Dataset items
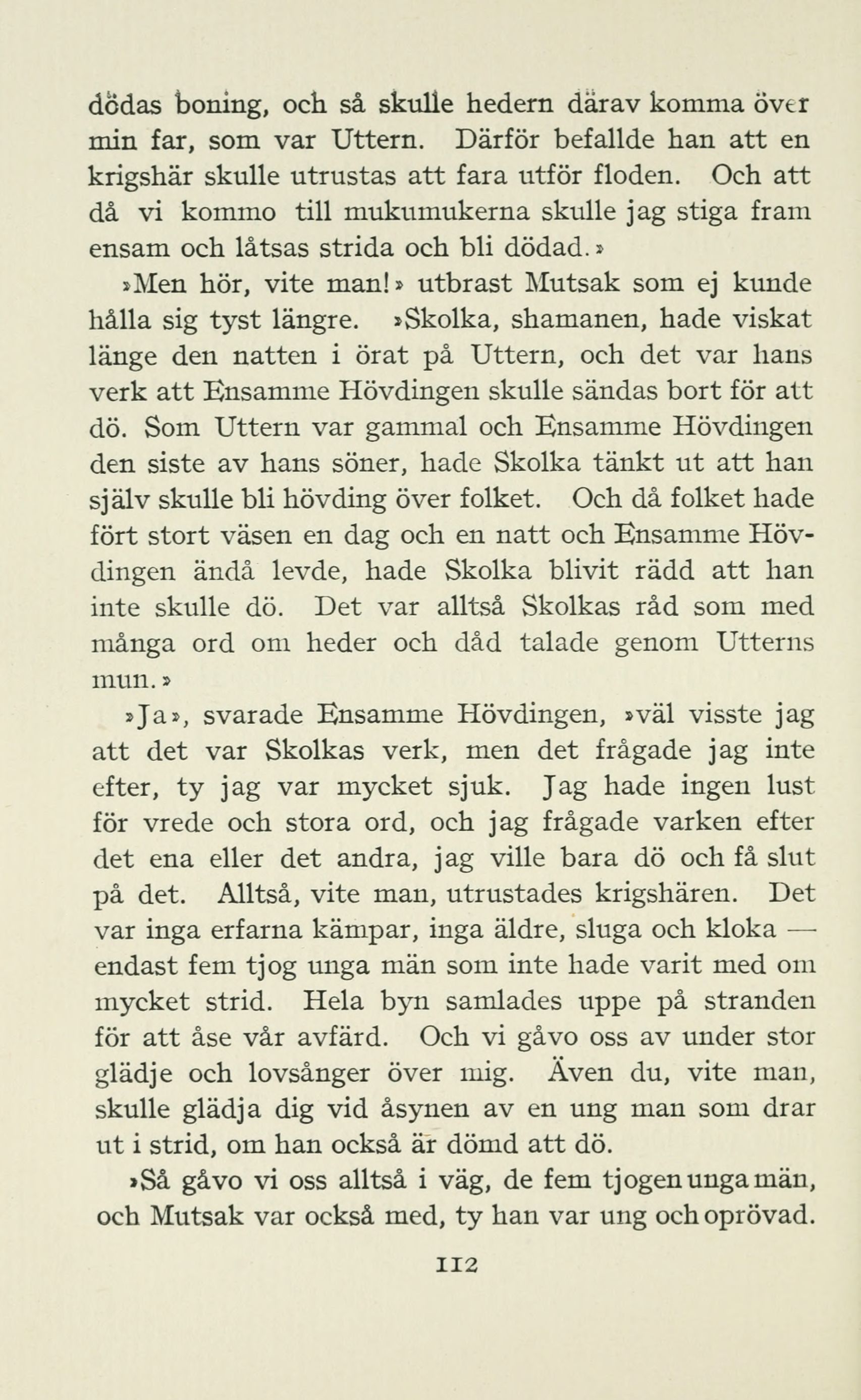 »Men hör, vite man!» utbrast Mutsak som ej kunde hålla sig tyst längre. »Skolka, shamanen, hade viskat länge den natten i örat på Uttern, och det var hans verk att Ensamme Hövdingen skulle sändas bort för att dö. Som Uttern var gammal och Ensamme Hövdingen den siste av hans söner, hade Skolka tänkt ut att han själv skulle bli hövding över folket. Och då folket hade fört stort väsen en dag och en natt och Ensamme Hövdingen ändå levde, hade Skolka blivit rädd att han inte skulle dö. Det var alltså Skolkas råd som med många ord om heder och dåd talade genom Utterns mun.»
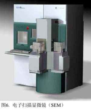 首先,它擺脫了照明光源,檢測結(jié)果不會(huì)受到類似變色、厚度不均等各種層面所帶來的物理因素的影響;其次,電子束的分辨率極高。因?yàn)樗臋z測單位是電子,電子要比微波以及任何尺寸的顆?;蛉毕荻家〉枚?;再次,電子是帶有電性的電荷,所以它可以被用于分析材料的電性或電組織成分,這被稱作電壓對比度圖像,經(jīng)常被用于檢測類似開閉鎖等電子電路缺陷和通孔蝕刻不足等材料缺陷。電子束檢測設(shè)備一般有KLA-Tencor和HMI公司的Escan系列(如圖5所示)。
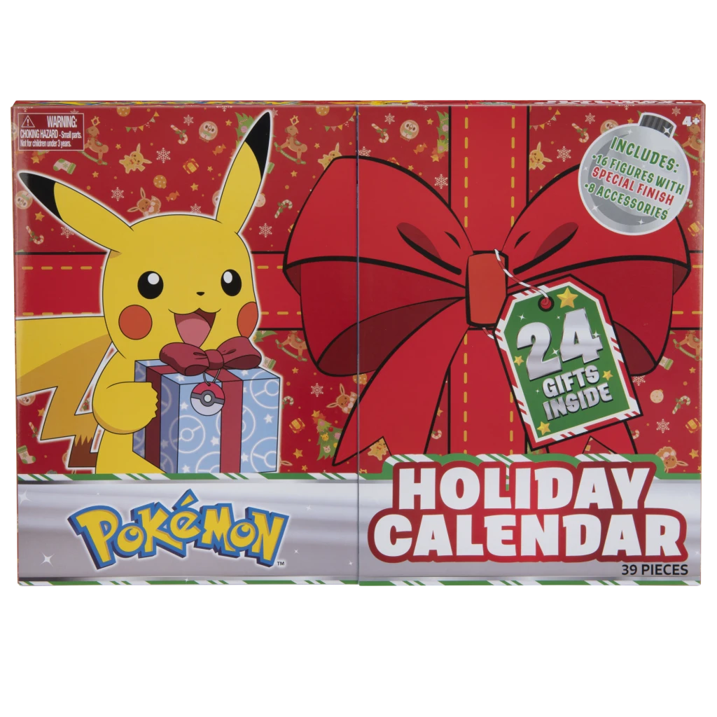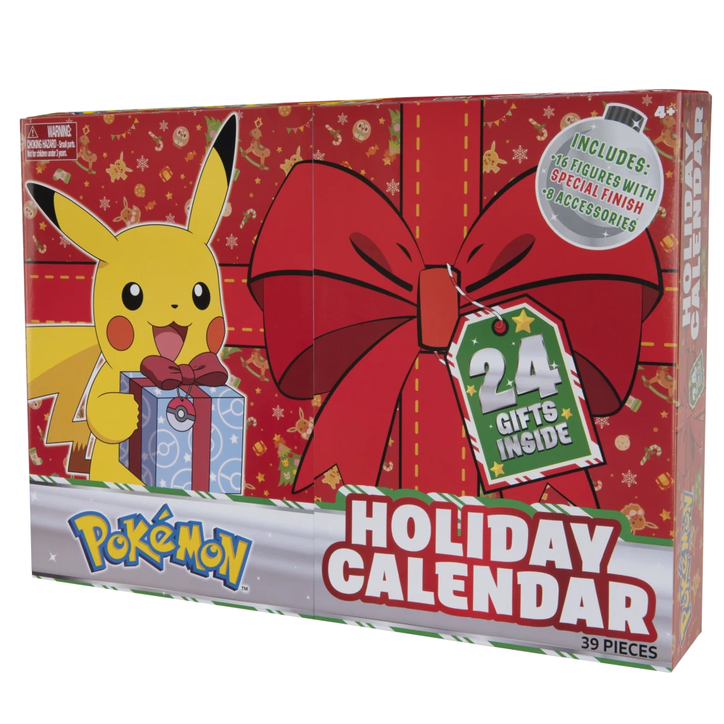 Pokémon adventný kalendár obsahuje 16 figúrok + ďalšie príslušenstvo. Každý deň prinesie nové prekvapenie, pretože keď otvoríte dvierka s ďalším číslom, nájdete za nimi figúrku Pokémona (celkom je tam až 16 rôznych hrdinov, medzi nimi Pikachu, Squirtle, Bulbasaur a Eevee) alebo predmet spojený s Vianocami (celkom 8)! Adventný kalendár obsahuje až 24 dielikov a určite poteší každého fanúšika Pokémonov!
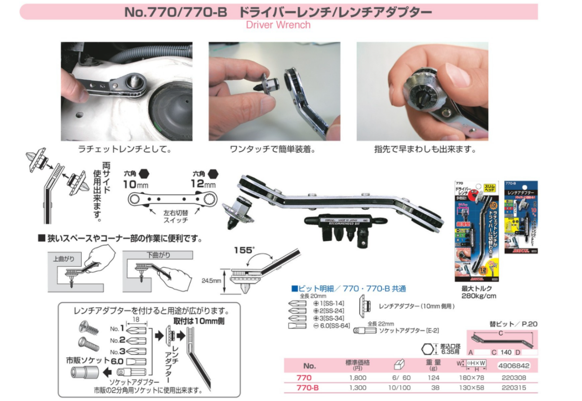 日本"SUNFLAG" NO.770 兩頭25度棘輪活動曲批套裝
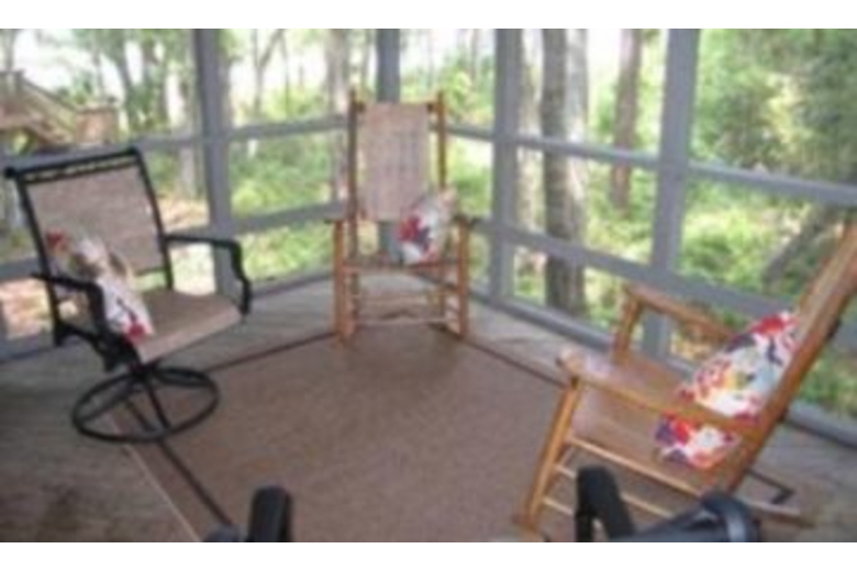 Inside this cottage are three bedrooms, two baths, tasteful decor and comfortable furnishings. The dining area comes with a table and six chairs. The fully equipped kitchen has granite countertops, a microwave, dishwasher and breakfast bar with extra seating. In the living area there is a TV, ceiling fan, gas fireplace and access to the deck. The master bedroom has a king bed, porch access and a ceiling fan. The second bedroom has a ceiling fan and queen bed. In the third bedroom you will find two twin beds.Surrounding Description
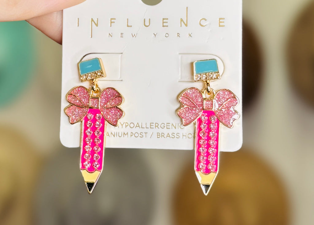 Add a touch of sophistication and style to any teacher's outfit with our gold teacher earrings. Featuring a variety of colors, school supplies, and letters, these earrings are the perfect accessory for any educator. Show off your passion for teaching with these elegant and eye-catching earrings.
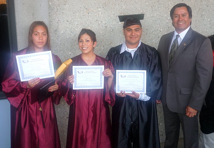 Bill Cirone, County Superintendent of Schools, presented 18 students with diplomas at the El Puente Community High School Graduation ceremony held this week. Rotary Club of Santa Barbara Sunrise member David Velarde, presented three of the students: Jorge Rios, Juana Torres and Hitxza Uriostegui with $500.00 Education Assistance Grants. Two of the students, Juana and Hitxza had been recipients of the Sunrise Student of the Month award.
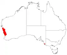 Ribbed hakea is endemic to an area along the west coast in the Wheatbelt and Mid West regions of Western Australia from about Kalbarri in the north to Yanchep in the south growing in sandy soils over limestone or laterite.[2][9]
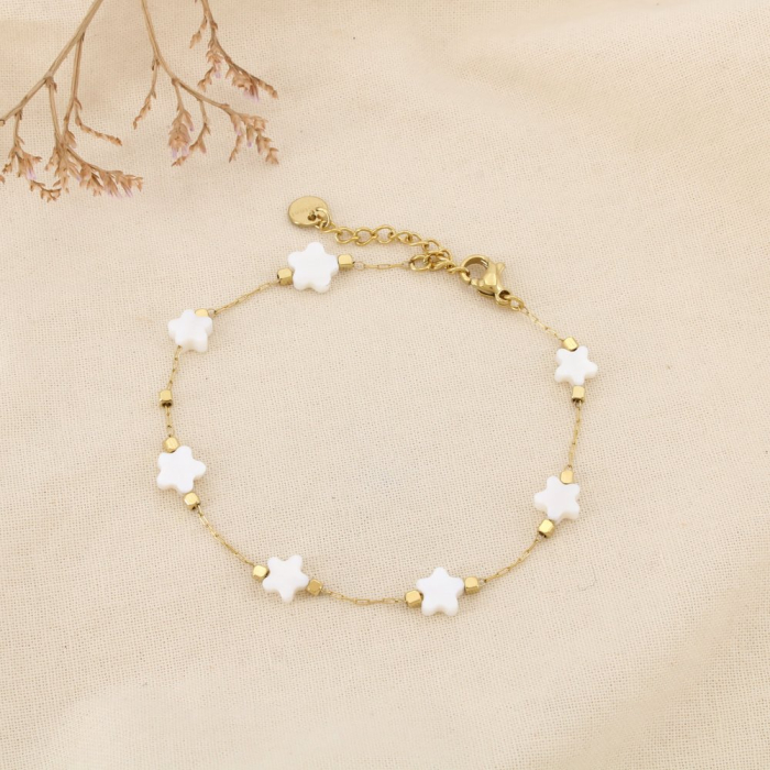 Composé d’une fine chaîne en acier doré ornée de motifs étoile en nacre d’environ 7 mm de diamètre, ce bracelet apporte une touche subtile de lumière et de douceur au poignet. Son esthétique minimaliste et raffinée répond pleinement à la demande actuelle pour les bijoux fins, symboliques et faciles à accumuler.
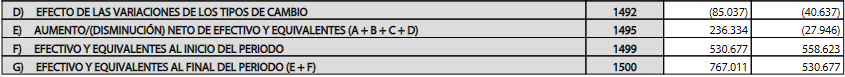 Resumen del Estado de Flujos de Efectivo de Prosegur:
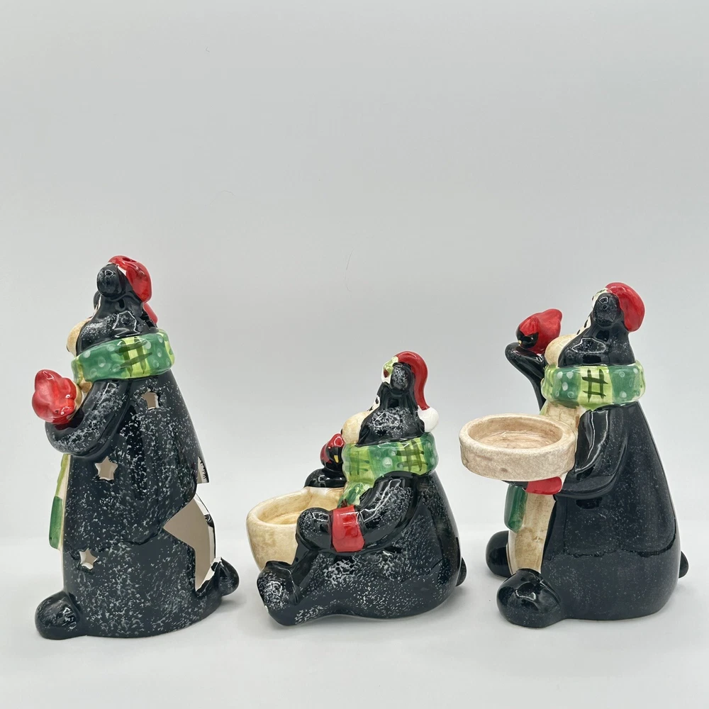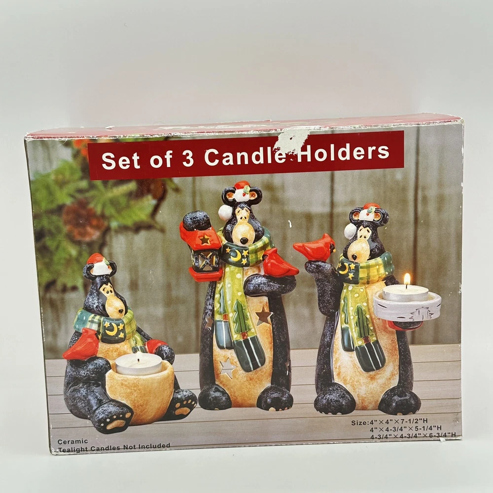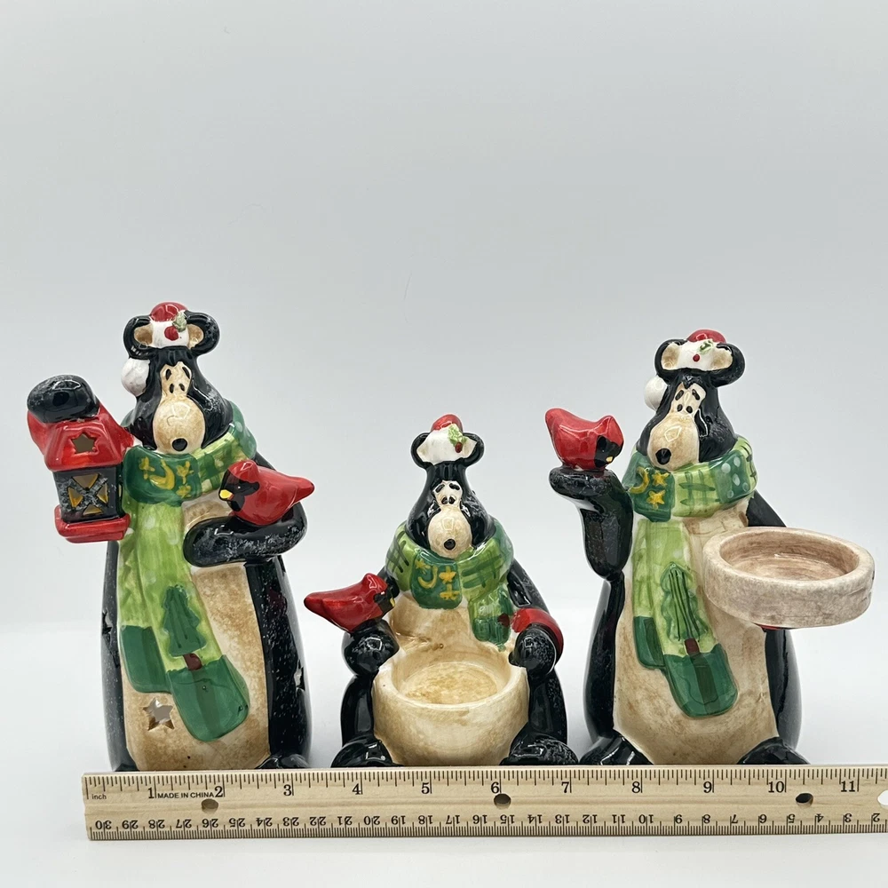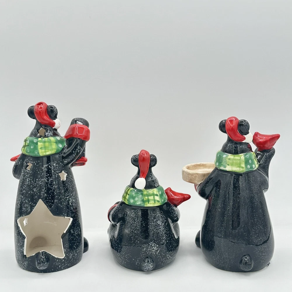 Add some festive cheer to your home with this Happy Holidays set of 3 black bears/cardinals ceramic tea light candle holders. Perfect for any room and suitable for Christmas, these candle holders are made from high-quality ceramic material and feature a cute design of bears. The multicolor adds a touch of playfulness to your holiday décor. Bring home the magic of the holiday season with these adorable candle holders. No chips or cracks.
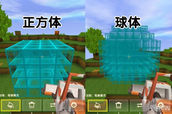 ②小伙伴们可以校验到画面最左侧有一个“笔刷”栏,里面有七种笔刷:正方体 、创建圆柱体、全新球体、平面四边形、平面圆形 、两点连线 、两点连面 。点击不同的笔刷可以改变准星出蓝色笔刷的形状,我们用正方体和球体举例 :
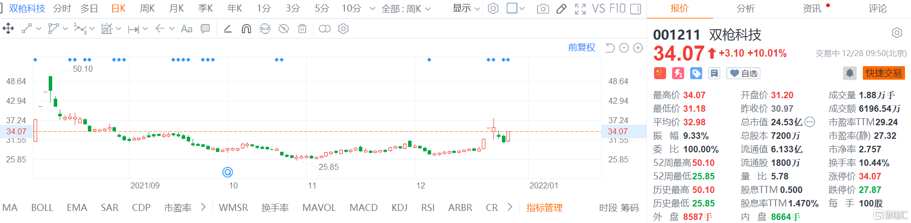 格隆汇12月28日丨双枪科技(001211.SZ)高开高走涨停,报34.07元,总市值24.5亿,现有封单4万余手。公司昨日公告称,通过全资子公司投资建设年产3000万件餐厨配件生产基地项目,该项目总投资估算为人民币2亿元。
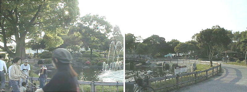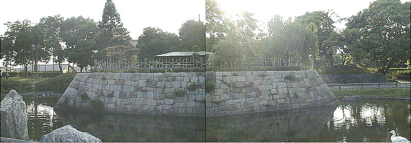 高槻城跡につくられた公園。かつて高槻城の三の丸があった園内には休憩所や堀を模倣した石垣・池・野球場・プール・交通遊園な
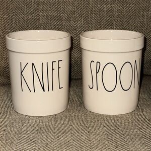 RAE DUNN Set of Three White Utensil Holders FORK SPOON KNIFE
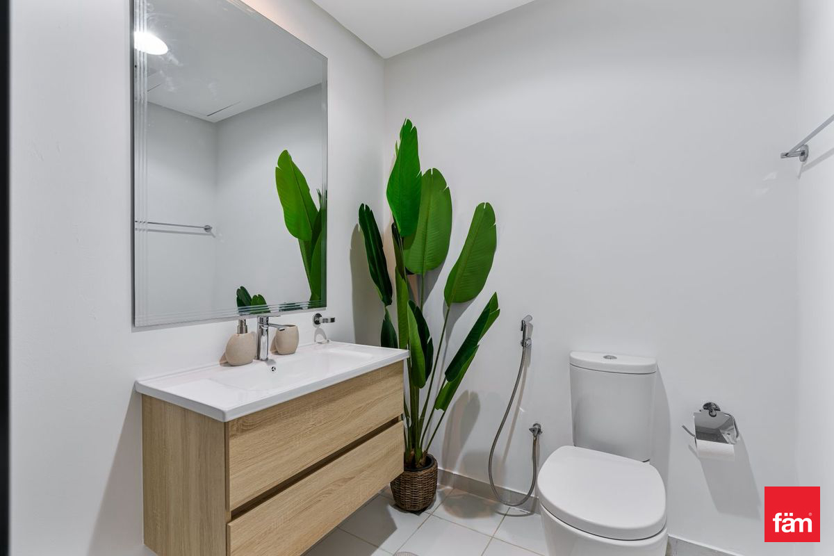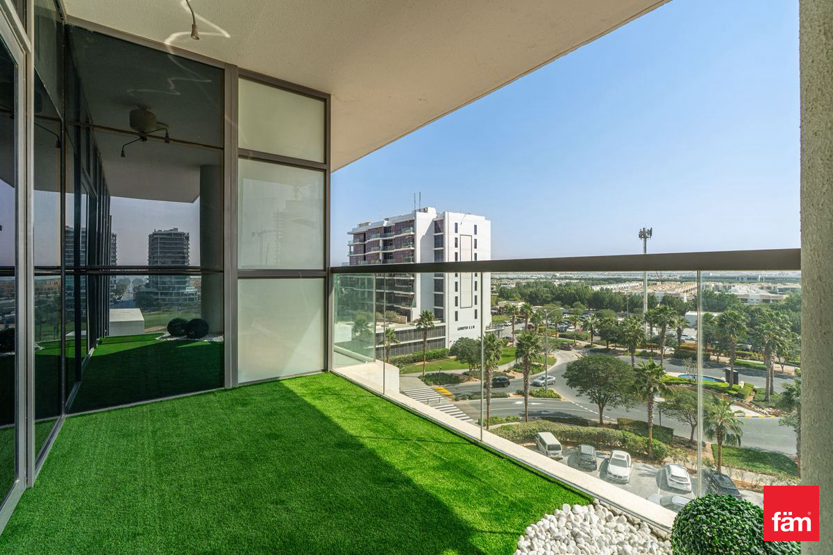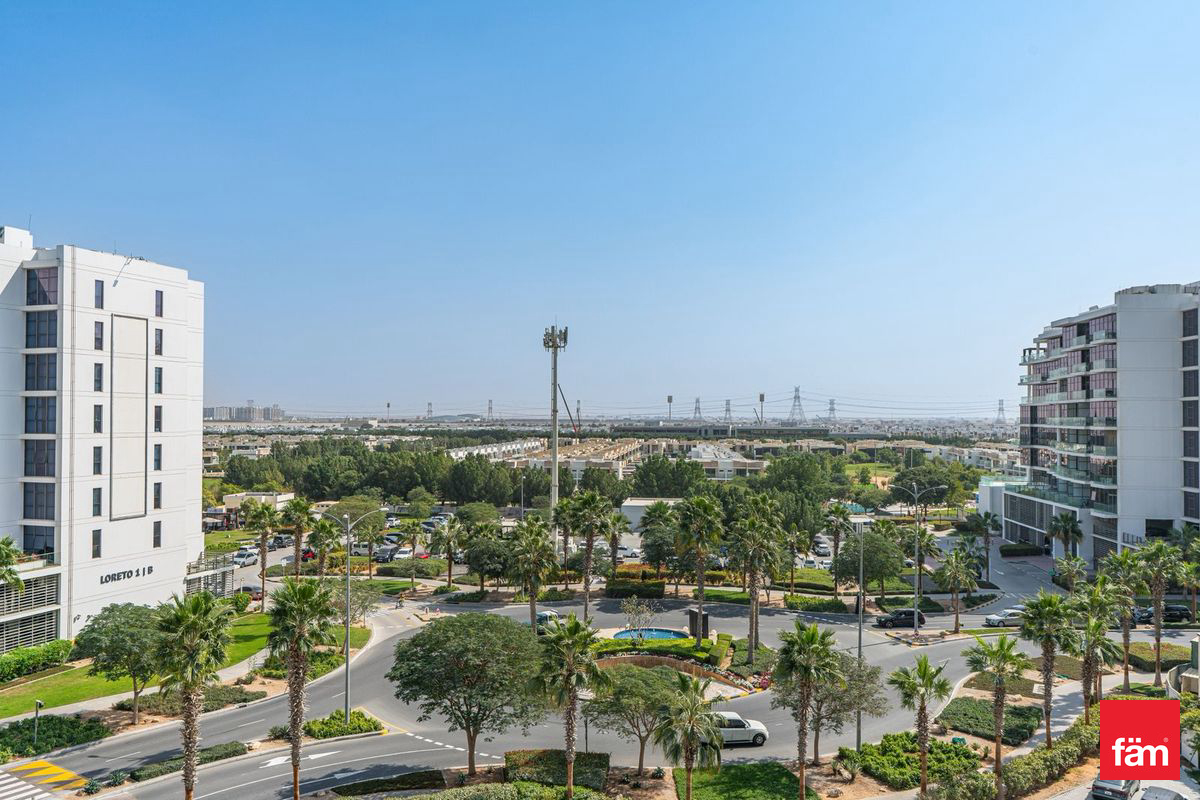 The property includes a well-appointed bathroom and benefits from air conditioning to keep you comfortable year-round. Positioned on a high floor, residents can enjoy enhanced privacy and panoramic views over the lush, green surroundings of Damac Hills.
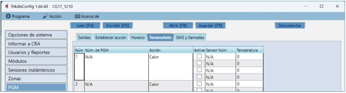 - Pestaña de “Salidas PGM”. En esta ventana, puede controlar las “Salidas PGM” que están configuradas en “Control remoto”.
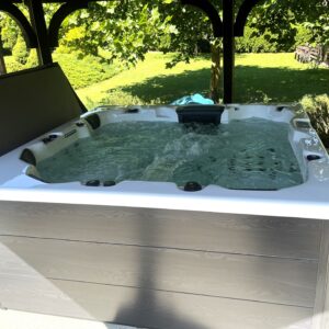 Oświetlenie LED, rozdzielacz stref wody, zawór napowietrzający, podświetlona fontanna [2 szt.], schodki, wkład filtracyjny [2 szt.], zagłówek [4 szt.], grzejnik przepływowy Gecko Heat.wav [3600W]

# Instructions to follow:
Transcribe, word for word, the stretch of lines in the data above from the one with "Inside this cottage" through the one with "Add a touch"; omit all pictures.

# Your solution:
 Inside this cottage are three bedrooms, two baths, tasteful decor and comfortable furnishings. The dining area comes with a table and six chairs. The fully equipped kitchen has granite countertops, a microwave, dishwasher and breakfast bar with extra seating. In the living area there is a TV, ceiling fan, gas fireplace and access to the deck. The master bedroom has a king bed, porch access and a ceiling fan. The second bedroom has a ceiling fan and queen bed. In the third bedroom you will find two twin beds.Surrounding Description
 Add a touch of sophistication and style to any teacher's outfit with our gold teacher earrings. Featuring a variety of colors, school supplies, and letters, these earrings are the perfect accessory for any educator. Show off your passion for teaching with these elegant and eye-catching earrings.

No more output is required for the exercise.